The system works by having users register with one of a number of approved third parties, such as Experian and the Post Office, which perform the identity checks required to verify that individual user. Once verified, the company confirms electronically to the GDS that the individual is allowed access.

Read more about Gov.uk Verify

In Liverpool, the CCG has created a platform that can integrate Verify and third-party services and connect them with patient record systems in hospitals or at GPs.

Dave Horsfield, programme manager for the city’s More Independent Liverpool programme and the lead for the Verify project at the CCG, said the programme is about giving patients access to their records for whatever purpose they want, securely and easily.

“We are trying to figure out how people are going to verify themselves in a way that we feel comfortable, and how can we safely do that,” he said.

The aim is to create an identity authentication scheme which “links social identities to an NHS identity so the right information can be confidently shared”.

Work is taking place to link Verify with the HSCIC’s personal demographic service, which holds the master patient index of NHS numbers as well as other details.

Security issue

However, the NHS is worried that Verify won’t be, or won’t come across as, secure enough for people’s health records.

“A lot of brilliant work has been done on Verify, but we’ve got an extra layer in health where people are very worried about security,” said Horsfield. “We know that GDS has worked on Verify for some time, so for us it’s about finding out what needs to be done differently. It’s different using Verify for tax returns than it is health information.”

False verification

Horsfield explained that one of the worries is that if people have access to someone’s personal information which is used to verify their identity, such as a wife having access to her husband’s passport, national insurance number and driving licence, that would mean she could pretend to be him and view his medical records.

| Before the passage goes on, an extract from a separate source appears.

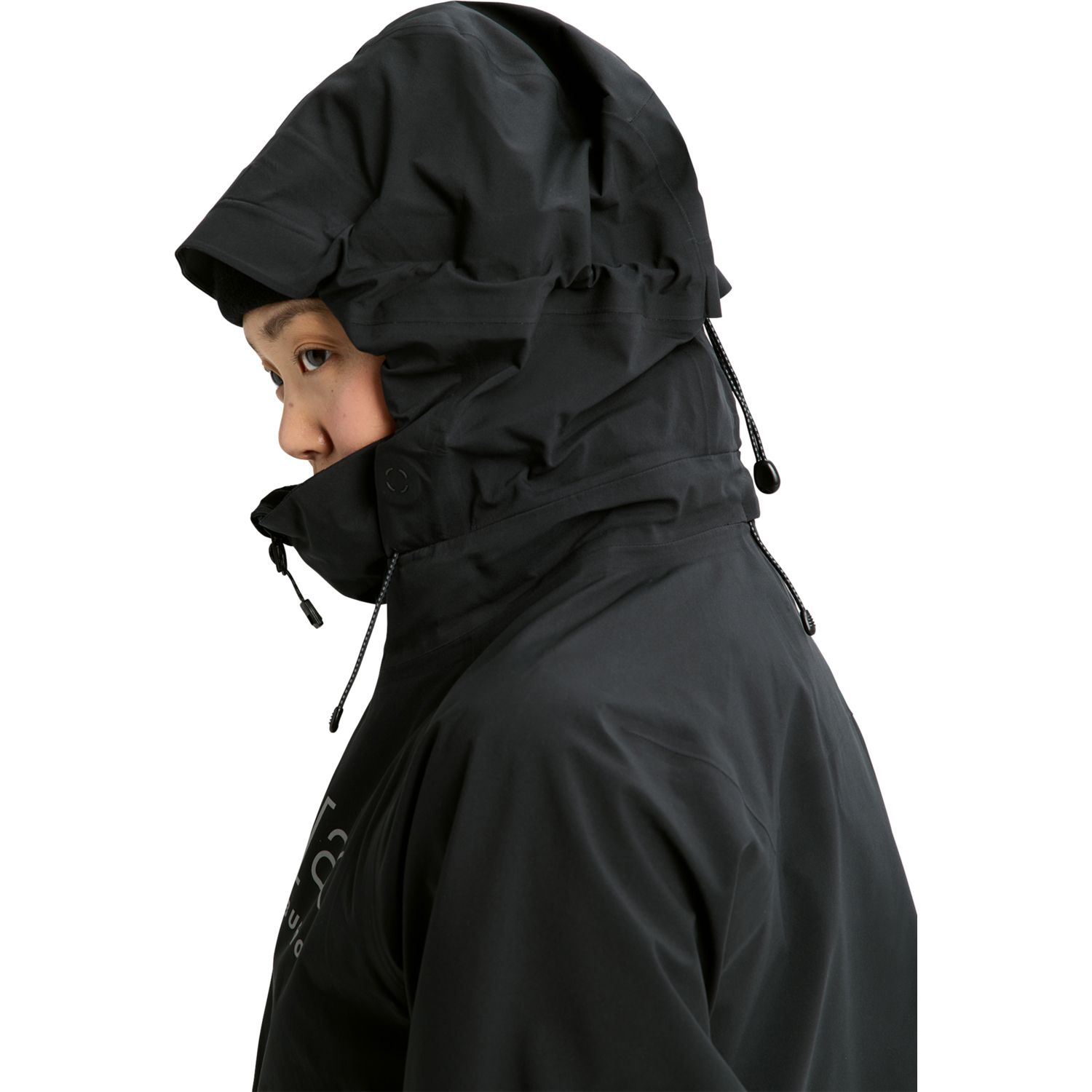 • Ergonomic water-repellent zip-out stretch waist gaiter with jacket-to-pant interface; Two-way center front zipper; StormForm attached hood with drop construction and Cohaesive embedded cinch and hood length adjustment

“We have some concerns about issues around if someone could get access to the information and use it to falsely verify their identity,” he said.

The CCG is looking at different ways of making it secure enough, adding extra elements such as dual authentication, the possibility of video recognition and biometrics.

Later in 2016, the CCG will begin a trial with patients on using a version of Verify. The trial will start with a handful of people, and if that works it will be extended to up to 200. Further down the line, Horsfield said, it will be trialled with people with learning disabilities and vulnerable adults to ensure they get on board. 

“We don’t really know what we’ll end up with. A hybrid version of Verify is quite likely,” he added.

The article has been updated to reflect the comments made by the Cabinet Office.